GRAND CORRUPTION IS one of the great unresolved legal challenges of our day. With its serious and often global effects, combating grand corruption must be the responsibility of the international community.
For this to happen grand corruption should be treated as an international crime.
Transparency International has developed a legal definition of grand corruption to encourage advocates, scholars, lawmakers, and others to seek ways to enhance accountability of high-level public officials and others whose corruption harms their citizens egregiously and too often with impunity.
If designated as an international crime countries could exercise universal jurisdiction, similar to the treatment of war crimes.
Our targets: the leaders who co-opt the institutions of state for their own personal gain and sweep all before them to do that: human rights, human dignity, equality, development.
What is Grand Corruption? Grand corruption is the abuse of high-level power that benefits the few at the expense of the many, and causes serious and widespread harm to individuals and society. It often goes unpunished.
Domestic authorities are often unable or unwilling to bring the grand corrupt to justice. In these cases, the international community has an obligation to act, collectively and through action by individual states.
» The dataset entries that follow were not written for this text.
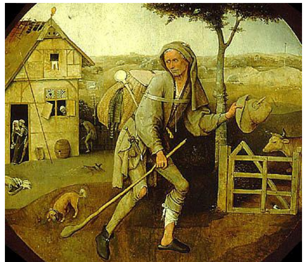
Marskramer (Jheronimus Bosch, ca. 1494)

Wel is er dit jaar al sprake van een kredietcrisis...!!! (zie 1763-N )
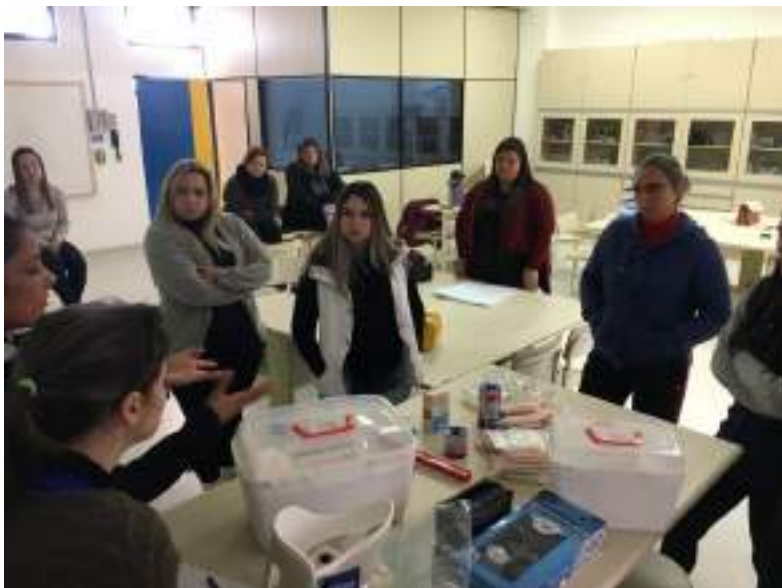
Acadêmicos do Curso de Enfermagem na capacitação da 6ª Trail Run.
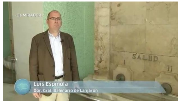
Imagen 2. En la transmisión del 18 de mayo de 2013, se habló del Balneario de Lanjarón para promover el turismo sostenible y al mismo tiempo se mostró el espacio natural que hay en el entorno y estudios relacionados con el agua de manantial que nace en la zona.

Durante la transmisión del programa, se brinda una exposición de diferentes temas de actualidad y un contexto general de la situación a nivel local. Son contenidos relacionados con el medio ambiente, que proporcionan la información suficiente para que el público adquiera conocimientos sobre flora, fauna, recursos naturales, etc. y

Grand corruption is a crime that violates human rights and deserves adjudication and punishment accordingly. This ranges from stealing from public budgets used to build hospitals and schools, to constructing dangerous facilities as the result of under funding caused by corrupt actors.
Here is an example of grand corruption – Ukrainian ex-President Viktor Yanukovych and his cronies stand accused of stealing US $7.5 billion. Yanukovych himself is allegedly complicit in many corrupt activities as well as the murder of activists. He is currently living in Moscow under the protection of the Russian government.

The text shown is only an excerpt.